Optionally, the apparatus further comprises:
the history hash value adding module is used for generating a history hash value corresponding to the history interactive data according to each history parameter information in the first history interactive data and adding the history hash value to the history byte array;
and the current hash value adding module is used for generating a current hash value corresponding to the current interactive data according to each current parameter information in the current interactive data and adding the current hash value to the current byte array.

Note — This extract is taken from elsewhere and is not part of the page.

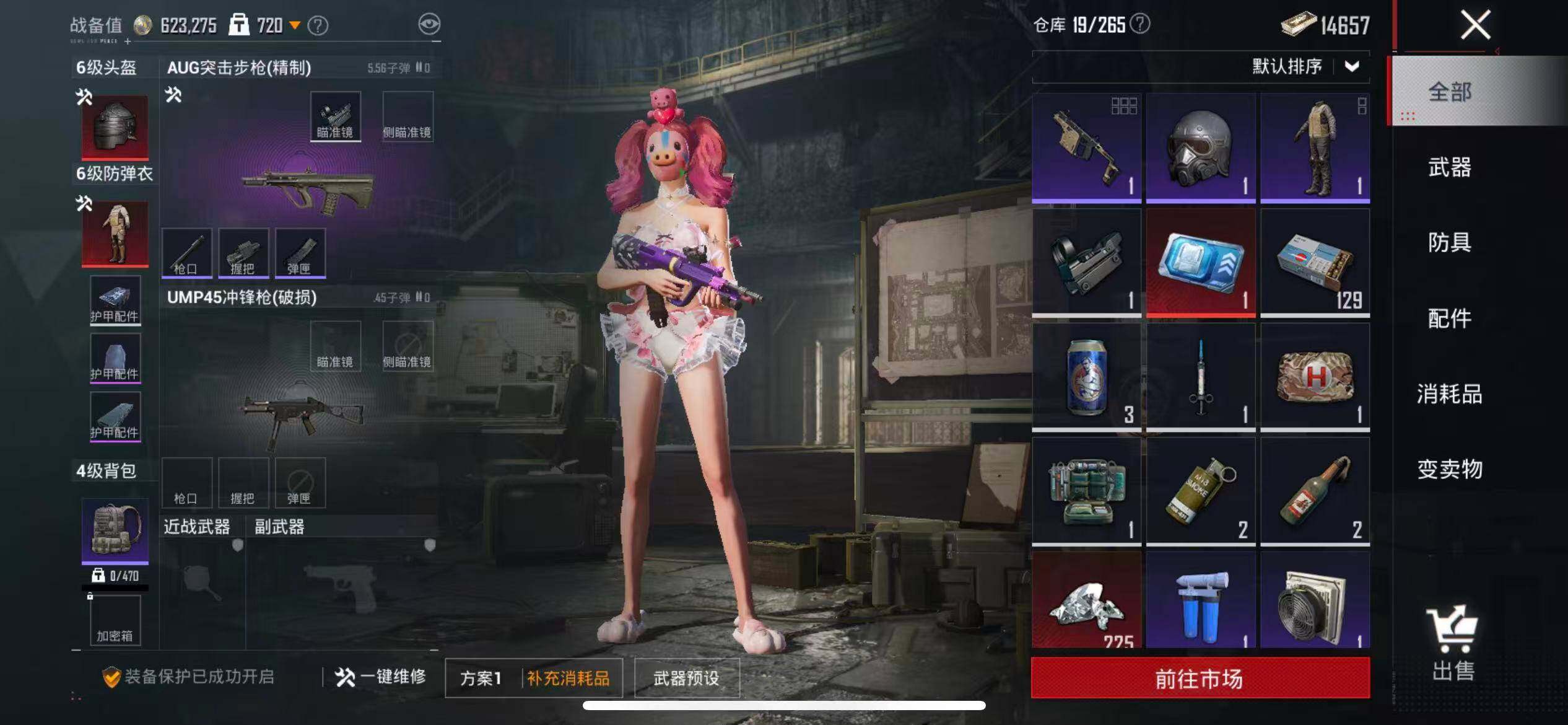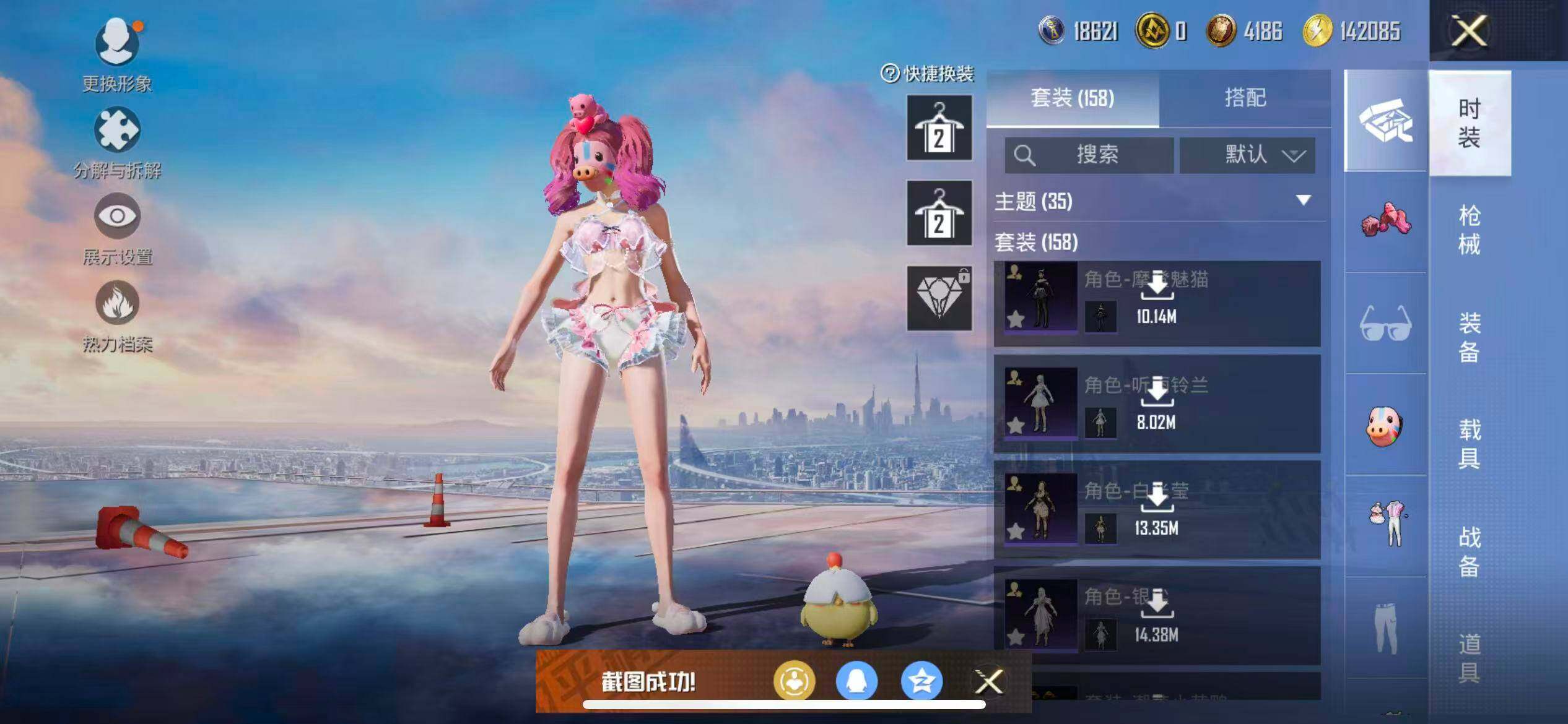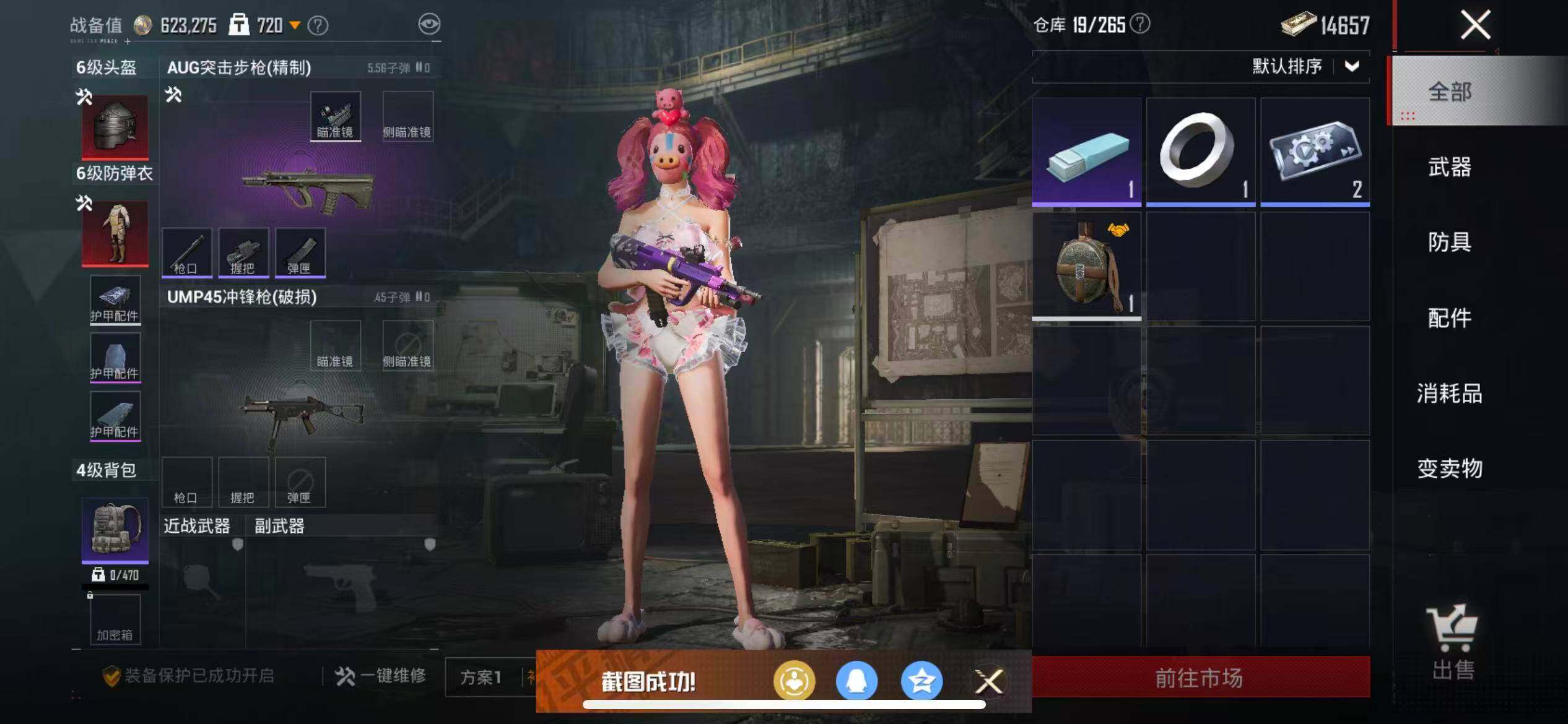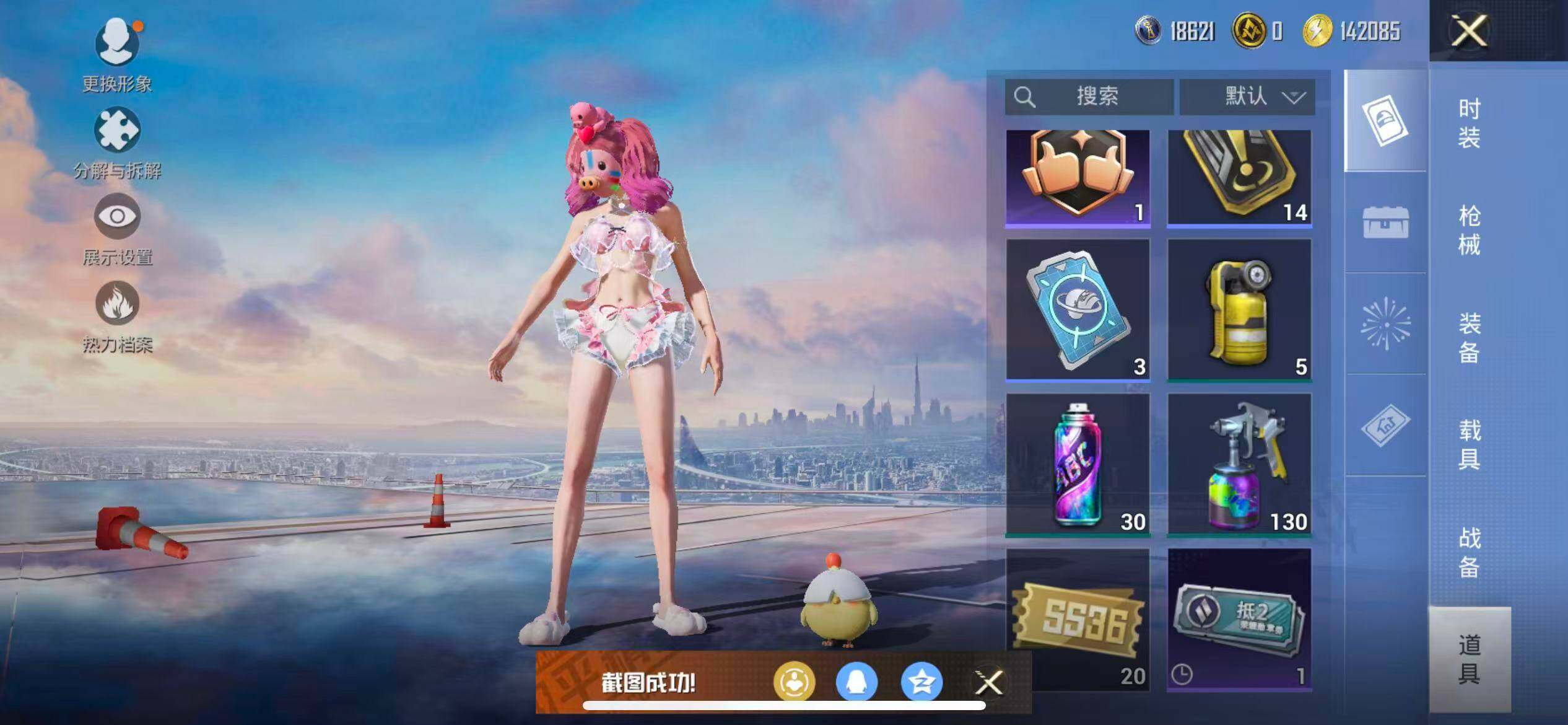 苹果 手Q-9粉装-3特效枪-0载具-2粉色飞行器-57760热力值-11王牌印记-158套装-184枪皮

Optionally, the second historical interaction data determining module 420 is specifically configured to: determining target parameter information matched with current parameter information corresponding to the preset statistical dimension parameters in the current interactive data from all candidate parameter information corresponding to the preset statistical dimension parameters, and determining second historical interactive data containing the target parameter information from the first historical interactive data;
correspondingly, the device also comprises: a historical statistical information determination module to: and updating the historical statistical information corresponding to the target parameter information according to the historical repeated occurrence times of the second historical interactive data and the current interactive data based on preset statistical conditions, and determining the historical statistical information corresponding to the target parameter information according to the mapping relation between each candidate parameter information corresponding to the preset statistical dimension parameter and the historical statistical information before obtaining the current statistical information.
Optionally, the current interactive data of the current object refers to current item acquisition task data of the current user; the current item acquisition task data comprises: at least one of current article acquisition platform information, a current article acquisition parent task identifier, a current article acquisition child task identifier, a current article attribution party identifier and current article acquisition time;
the first historical interactive data of the current object refers to historical item acquisition task data of the current user; the historical item acquisition task data comprises the following steps: at least one of historical item acquisition platform information, historical item acquisition parent task identification, historical item acquisition child task identification, historical item attribution identification and historical item acquisition time.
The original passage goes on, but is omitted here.